An early version of the grammar had format strings spelled out: https://github.com/AleoHQ/leo/blob/e30486669660fafb8773428dac3834b5bee77351/grammar/abnf-grammar.txt#L467 However, that version allowed neither the escapes that we now allow in string literals, nor the ability to write an actual {}.

I think the following could work:

not-double-quote-or-backslash-or-brace = %x0-21
                                       / %x23-5B
                                       / %x5D-7A
                                       / %x7C
                                       / %7E-10FFFF
                                       ; anything but " or \ or { or }

format-string-element-not-brace = not-double-quote-or-backslash-or-brace
                                 / simple-character-escape
                                 / ascii-character-escape
                                 / unicode-character-escape

format-string-container = "{}"

format-string-open-brace = "{{"

format-string-close-brace = "}}"

format-string-element = format-string-element-not-brace
                      / format-string-container
                      / format-string-open-brace
                      / format-string-close-brace

format-string = double-quote *format-string-element double-quote

; the rule for tokens must be then extended:
token = keyword
      / identifier
      / atomic-literal
      / package-name
      / annotation-name
      / symbol
      / format-string ; added

Observations about the above rules:

format-string-element-not-brace is like string-literal-element, but it excludes { and }.
A container must be written exactly as {}. It cannot use backslash escapes, e.g. \x7b\x7d prints the same as {{}}.
A non-container open brace must be written exactly as {{. It cannot use backslach escapes, e.g. \x7b\x7b prints the same as {{{{.
A non-container close brace must be written exactly as }}. It cannot use backslach escapes, e.g. \x7d\x7d prints the same as }}}}.
An isolated { is illegal, which is consistent with Rust (I checked). But for example an isolated \x7b is legal and prints the same as {{.
An isolated } is illegal, which is consistent with Rust (I checked). But for example an isolated \x7d is legal and prints the same as }}.
Format strings may be empty, because they are not represented as arrays of characters.
A format-string has to be a separate token from string-literal.

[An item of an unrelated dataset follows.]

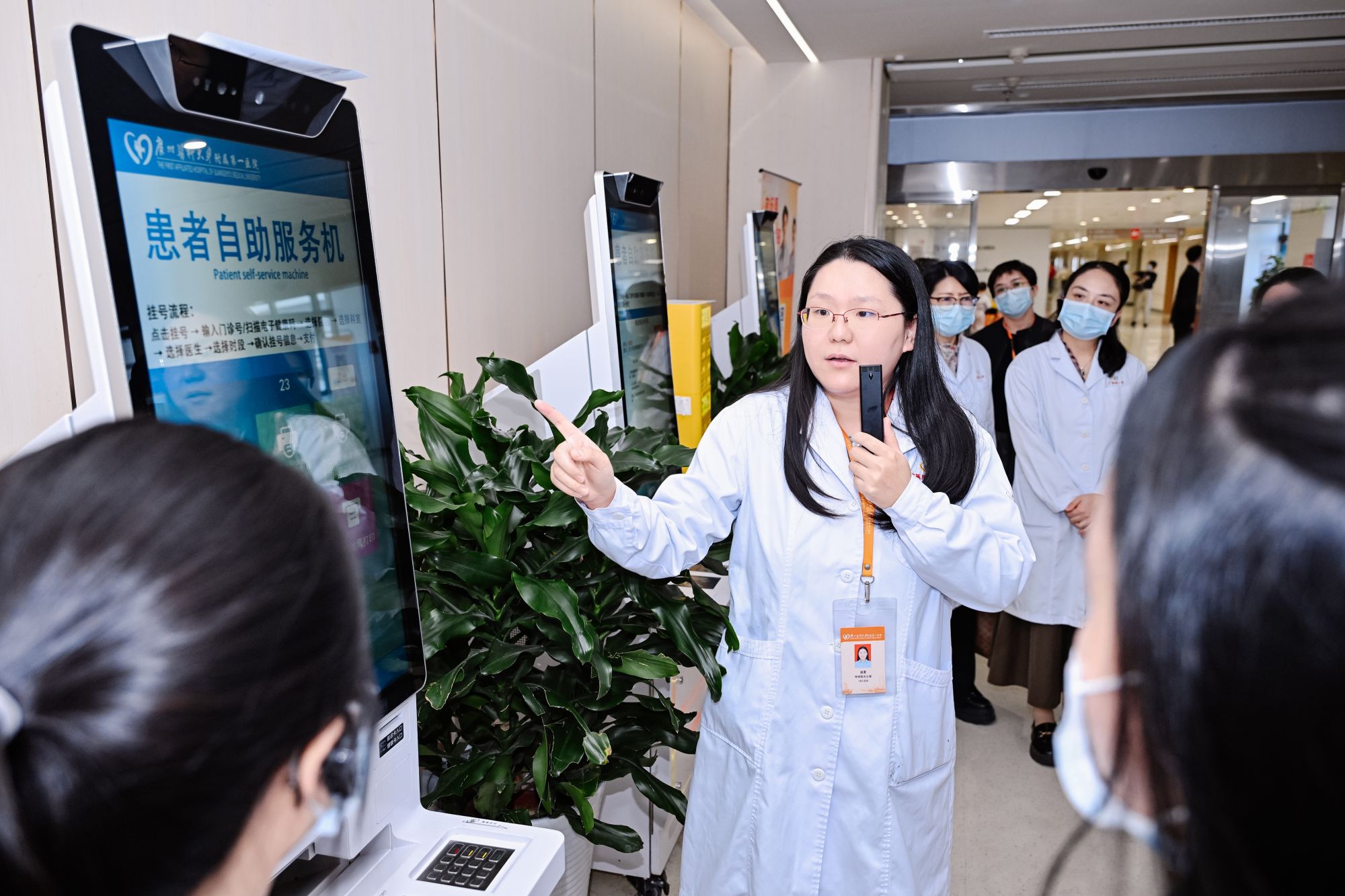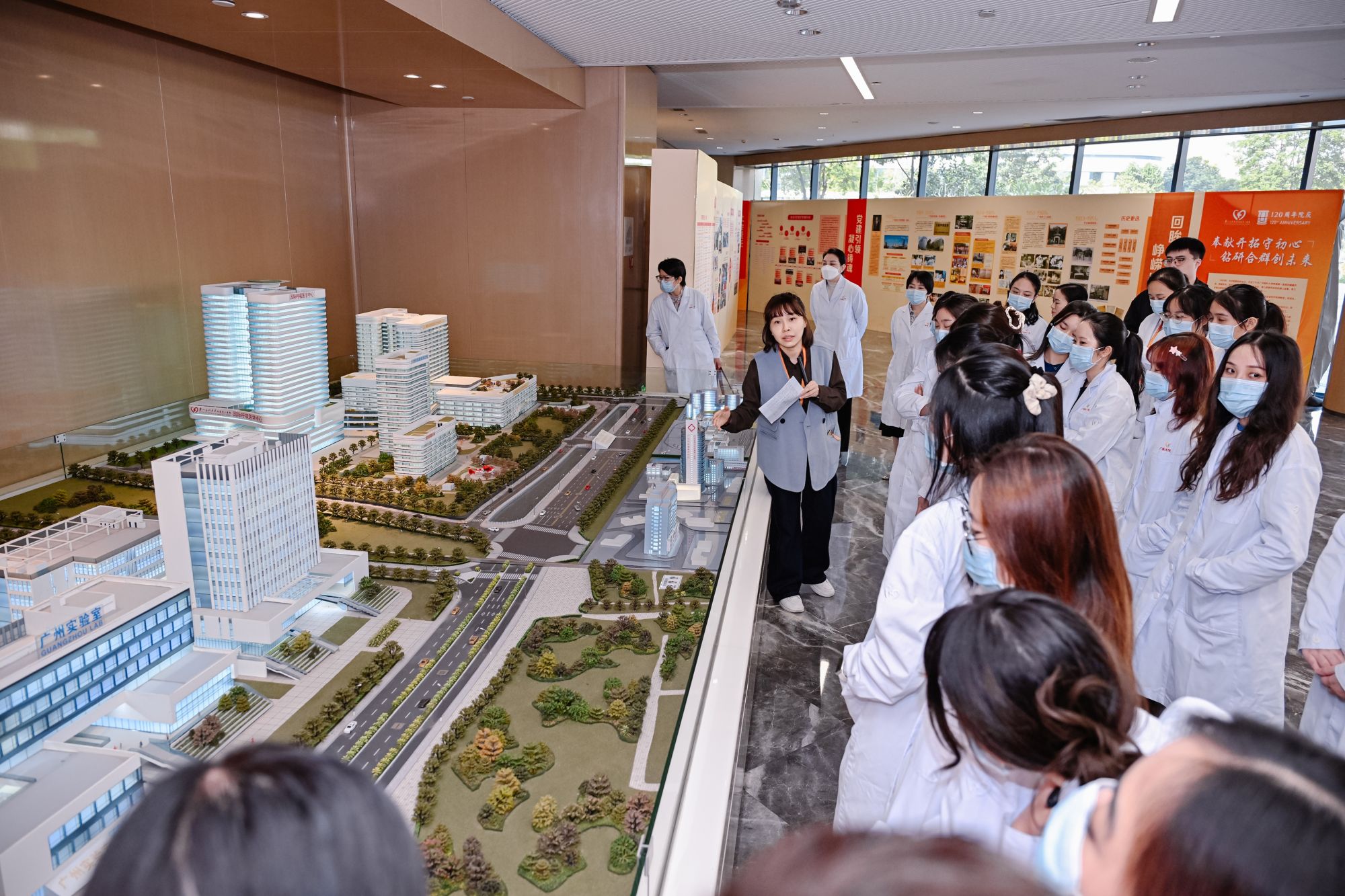 代表团一行参观了医院沙盘模型和荣誉墙、国家呼吸医学大数据中心及智能化门诊,并分组进入心内科、呼吸内科病房,与临床一线医护人员进行交流。呼吸内科曾秋璇科护士长介绍的“口琴呼吸康复法”等本土化护理创新,引起了新方师生的浓厚兴趣。
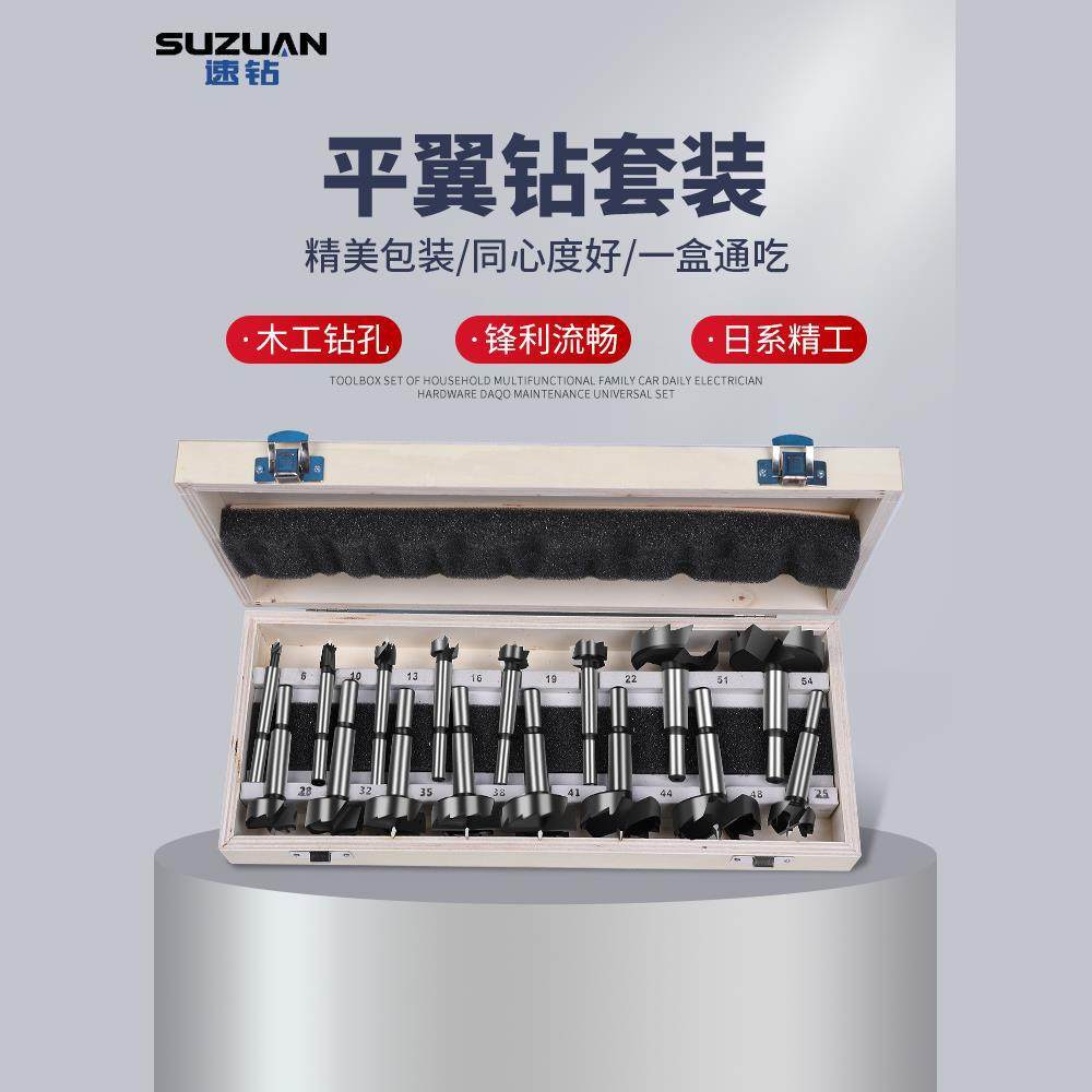 木工开孔器套装 平翼钻门锁铰链钻头桌面木板打孔器15

If we wanted to treat backslash escapes for open and close braces in the same way as actual { and }, e.g. if we want \x7b\x7d to be a container, it becomes impractical to define a format-string-element-not-brace that excludes backslash escapes for open and close braces: ABNF ranges and alternations work well to exclude single characters (e.g. see not-double-quote-or-backslash-or-brace), but not to exclude contiguous chunks of characters. So we would have to resort to an extra-grammatical requirement expressed as a comment. There seems to be little practical reason to use backslack escapes in what can be more simply written as {} and {{ and }}.

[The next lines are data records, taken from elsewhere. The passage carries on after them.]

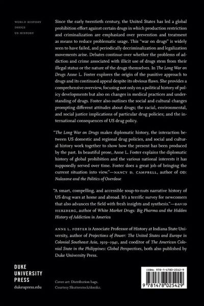 Since the early twentieth century, the United States has led a global prohibition effort against certain drugs in which production restriction and criminalization are emphasized over prevention and treatment as means to reduce problematic usage. This “war on drugs” is widely seen to have failed, and periodically decriminalization and legalization movements arise. Debates continue over whether the problems of addiction and crime associated with illicit use of drugs stem from their illegal status or the nature of the drugs themselves. In The Long War on Drugs Anne L. Foster explores the origin of the punitive approach to drugs and its continued appeal despite its obvious flaws. She provides a comprehensive overview, focusing not only on a political history of policy developments but also on changes in medical practices and understanding of drugs. Foster also outlines the social and cultural changes prompting different attitudes about drugs; the racial, environmental, and social justice implications of particular drug policies; and the international consequences of US drug policy.
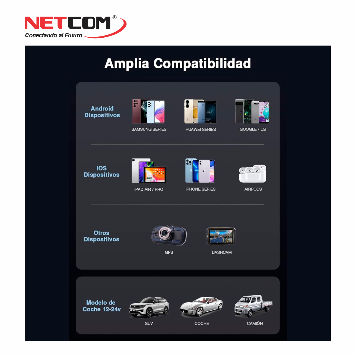 - Carga inteligente, este cargador de coche ajusta automáticamente la velocidad de carga a tus dispositivos y carga todos los dispositivos compatibles con USB como tu smartphone, tablet, a la velocidad óptima. Funciona con todos los coches de 12 ~ 24 V.
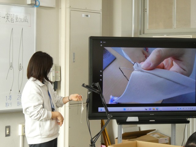 久しぶりの裁縫で、苦戦している生徒も多くいましたが、一生懸命取り組んでいました。
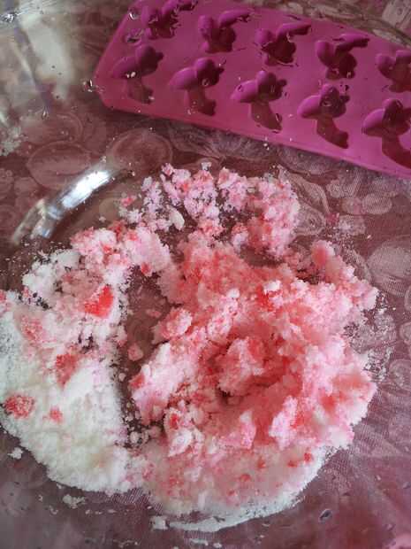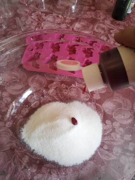 Si desea teñir el azúcar antes que moldearla, añadir el colorante el mismo tiempo cuando se agrega el agua. podrás ver pequeñas manchas de color para mezcla real bien o simplemente Asegúrese de que las manchas no van a verse en el molde.
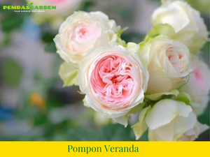 "Pompon Veranda rose, Origin: Bred by W. Kordes & Son, Germany in 1999, Characteristics: Bushy habit, matures to a height...
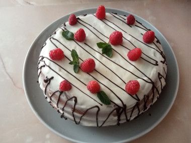 Верхний корж также смажьте кремом и украсьте сеточкой из растопленного шоколада.
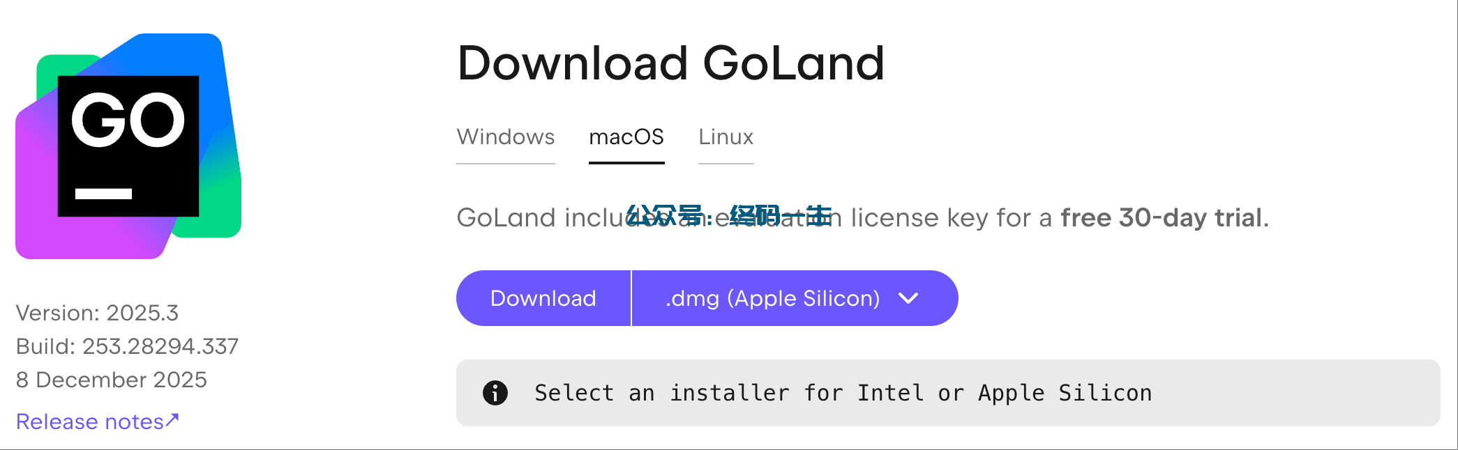 官方下载地址:https://www.jetbrains.com/goland/download/

If we go with the different treatment of { and } vs. their backslash escape counterparts as the above rules imply, then it means that we cannot quite lex a format string as a string literal and then immediately convert it to the format string data structure, because that lexing would lose the distinction between { and \x7b for instance. So format strings would have to be lexed their own way, which is actually reasonable given that they are a different kind of token as manifested in the rule.

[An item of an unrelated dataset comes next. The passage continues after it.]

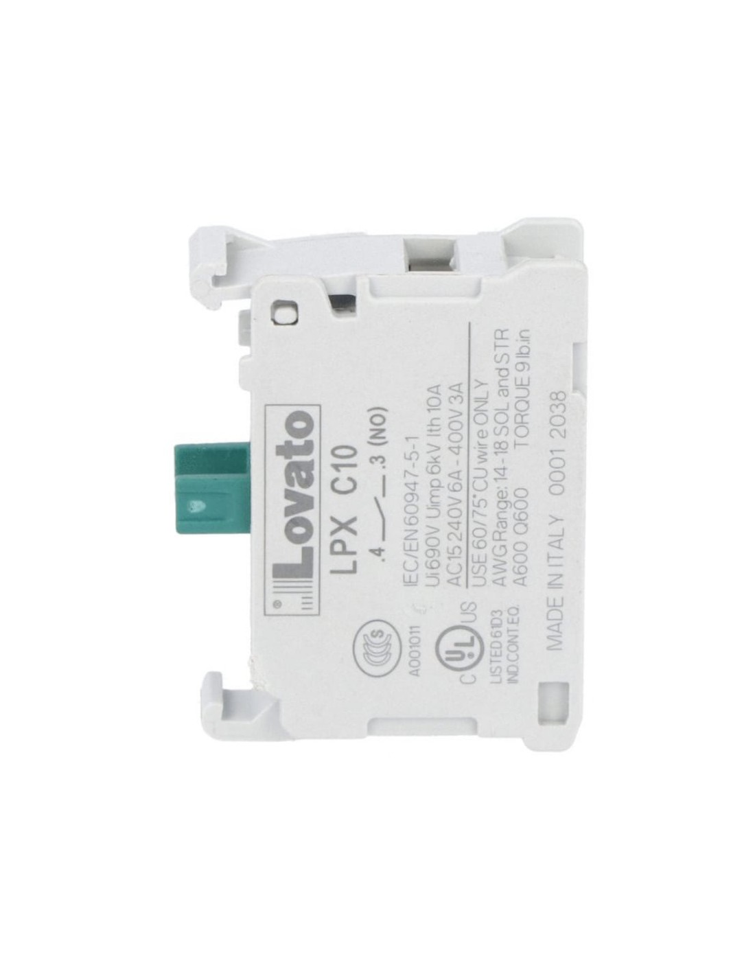 El contacto auxiliar Lovato LPXC10 tiene las siguientes características:
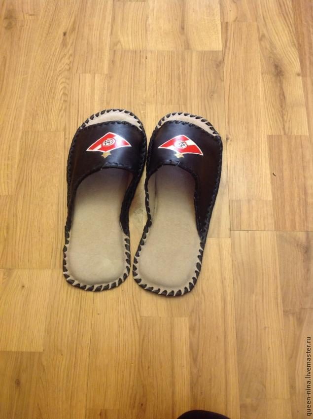 А вот другие тапочки для болельщика «Спартака». Рисунок наносила акриловыми красками и покрывала акриловым лаком.

gluax commented 3 years ago

@acoglio Hmmm, it might be difficult to restrict non-escaped characters from valid format-strings. Would have to write separate character parsing rules entirely, but that seems like unnecessary work. Especially in the case of something like \x7b or \x7d we treat the escaped as the regular characters {. } past parsing and have no notion of it being an escaped character. Plus users will definitely want to make use of escaped characters including \".

Personally it's more natural to allow any character but a sequential {} except via some sort of escape. Since we already parse the first argument as regular leo-ast string, then convert it to a leo format-string. We'd have to write another parser to exclude certain characters specifically in the first argument to console functions.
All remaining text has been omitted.